Tag Archives: mobile networks

Restitching the Internet

Is the internet becoming obsolete?
The government agency that invented the network that runs the world seems to think so. So the Defense Advanced Research Projects Agency (DARPA) has launched a program aimed at “completely rethinking how to network and compute” … DARPA’s Dispersed Computing program (or DCOMP, as it’s known) adds another moniker to the set of emerging technologies that includes fog computing, edge computing, and distributed computing. DCOMP takes these paradigms one step further, however, and envisions a network that is able to borrow processing and communications resources from its many nodes as and when needed to accomplish whatever task its users might throw at it.

“Today’s network is pretty static,” says Petros Mouchtaris, CEO of Vencore Labs….“The computing capabilities we have in our hands, at what we call the edge of the network, have really changed dramatically since the internet was invented. At same time, the core technology of the internet hasn’t really changed at all.”…Updating that core technology, according to DARPA, will require overhauling the very stuff that knits the internet together: its protocols. …The TCP/IP protocols, in use since the early 1980s, are good for getting information from one place to another, but that’s no longer enough…

DCOMP envisions is “the opportunistic use of network-embedded computing resources,”… Rather than thinking of the devices on the networks as nothing more than nodes that pass information from source to destination, DCOMP sees them also as distributed computing resources that can be dynamically reallocated in real time, depending on the changing needs of the current mission set. Imagine every cell phone, smart thermostat, fitness tracker, and game console in your house contributing their spare cycles to help process the video you’re trying to upload, or educate the machine learning algorithm that runs your AI personal assistant.

To understand how and when to allocate all those devices’ computing and communications power, the network will need to be able to examine itself, to a certain extent. “We’re working on creating a network which can sense very quickly what’s going on in the network, and can react very quickly because it’s programmable,” he continues. Though the work is still in the design phase, Mouchtaris envisions a set of protocols that will change on the fly to better support current needs and conditions in the field….

“That generates a lot of overhead. You want to very quickly find out about what’s changing in the network and adapt quickly, but you don’t want to flood the network with requests for information about what’s going on.”

Excerpts from MARK WALLACE DARPA, The Secretive Agency That Invented The Internet, Is Working To Reinvent It, Fast Magazine, Nov. 7, 2017

Mobile Networks on Drones

From the DARPA Website

Missions in remote, forward operating locations often suffer from a lack of connectivity to tactical operation centers and access to valuable intelligence, surveillance, and reconnaissance (ISR) data. The assets needed for long-range, high-bandwidth communications capabilities are often unavailable to lower echelons due to theater-wide mission priorities. DARPA’s Mobile Hotspots program aims to help overcome this challenge by developing a reliable, on-demand capability for establishing long-range, high-capacity reachback that is organic to tactical units. The program is building and demonstrating a scalable, mobile millimeter-wave communications backhaul network mounted on small unmanned aerial vehicles (UAVs) and providing a 1 Gb/s capacity. DARPA performers recently completed the first of three phases in which they developed and tested key technologies to be integrated into a complete system and flight tested in subsequent phases…

Smaller, steerable millimeter-wave antennas: During field testing, the program successfully demonstrated steerable, compact millimeter-wave antennas that rapidly acquire, track, and establish a communications link between moving platforms. Steerable millimeter-wave antennas will enable the formation of a high-capacity backhaul network between aerial and ground platforms.

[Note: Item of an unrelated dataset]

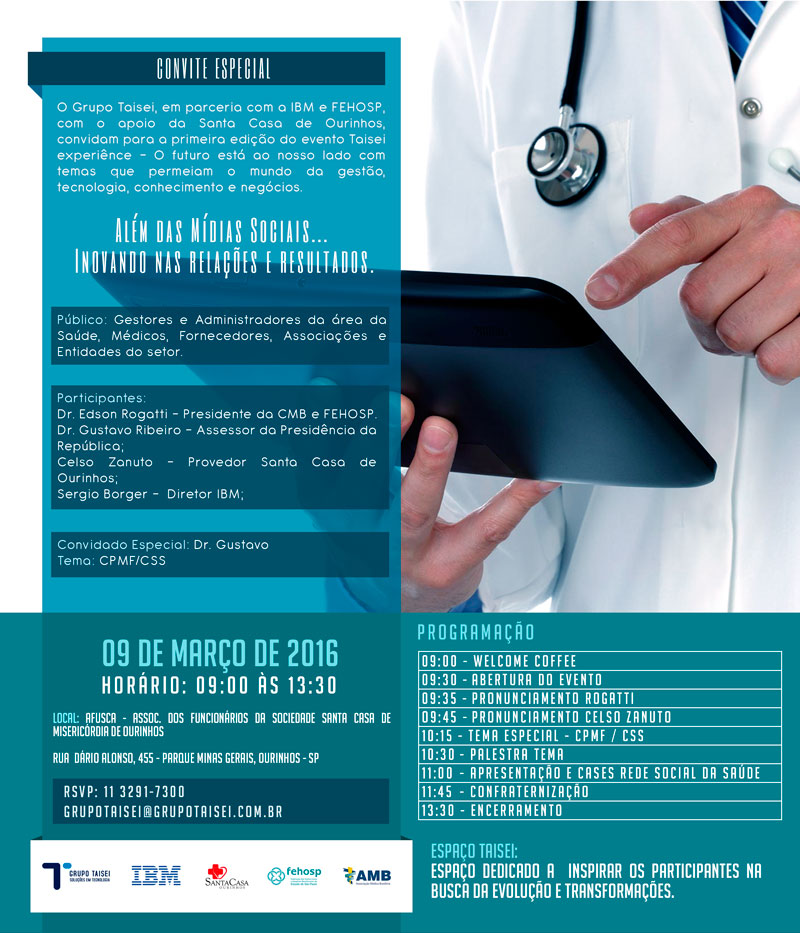 Com entusiasmo, a Fehosp retransmite o convite para o evento Taisei Experience, que será realizado para o segmento de saúde, na região de Ourinhos. Esse evento conquistou o apoio da Fehosp, da Associação Médica Brasileira (AMB), da IBM e da Santa Casa de Ourinhos com objetivo de reunir instituições de saúde, que unidas, poderão viabilizar importantes inovações tecnológicas.

Low-noise amplifiers: Performers also demonstrated an advanced low-noise amplifier (LNA), which boosts the desired communications signal while minimizing unwanted noise. The prototype achieved the record for the world’s lowest noise millimeter-wave LNA at about half the noise figure of a typical LNA.

More efficient and capable power amplifiers: Efficient millimeter-wave amplification is required to achieve the long ranges (> 50 km) desired in the Mobile Hotspots program….

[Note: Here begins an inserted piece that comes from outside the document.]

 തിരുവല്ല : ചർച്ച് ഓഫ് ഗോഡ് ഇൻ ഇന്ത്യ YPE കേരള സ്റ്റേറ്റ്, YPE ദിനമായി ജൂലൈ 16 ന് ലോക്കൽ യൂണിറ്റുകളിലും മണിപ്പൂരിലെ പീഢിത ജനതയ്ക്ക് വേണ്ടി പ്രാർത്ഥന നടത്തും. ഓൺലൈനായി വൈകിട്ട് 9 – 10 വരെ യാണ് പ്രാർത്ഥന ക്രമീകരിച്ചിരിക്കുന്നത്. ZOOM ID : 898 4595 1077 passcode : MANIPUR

New approaches for robust airborne networking: Mobile ad-hoc networking approaches were developed to maintain the high-capacity backhaul network among mobile air and ground platforms. Phase 1 performers developed unique solutions to overcome connectivity and network topology challenges associated with mobility and signal blockages due to terrain and platform shadowing.

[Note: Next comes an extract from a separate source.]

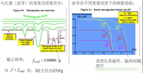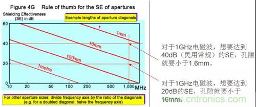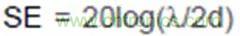 在一個(gè)完美的屏蔽殼體上開(kāi)一個(gè)洞,相當(dāng)于構(gòu)成一個(gè)半波共振縫隙天線,屏蔽效能SE與孔的最大尺寸d、電磁波波長(zhǎng)λ關(guān)系如下:

Low-Size, Weight, and Power (SWAP) pod design to carry it all: Performers created engineering designs for small, lightweight pods to be mounted on an RQ-7 Shadow UAV. The pods, with all of the Mobile Hotspots components inside, are designed to meet the challenging program goals of widths no more than 8 inches, weight less than 20 pounds, and power consumption less than 150 watts.

Phase 2 of the program began March 2014. Two performers, L-3 Communications and FIRST RF, were chosen to lead teams comprising several Phase 1 performers…A planned third phase will encompass field testing of the Mobile Hotspot systems on networks of multiple SRQ-7 Shadow UAVs and mobile ground vehicles.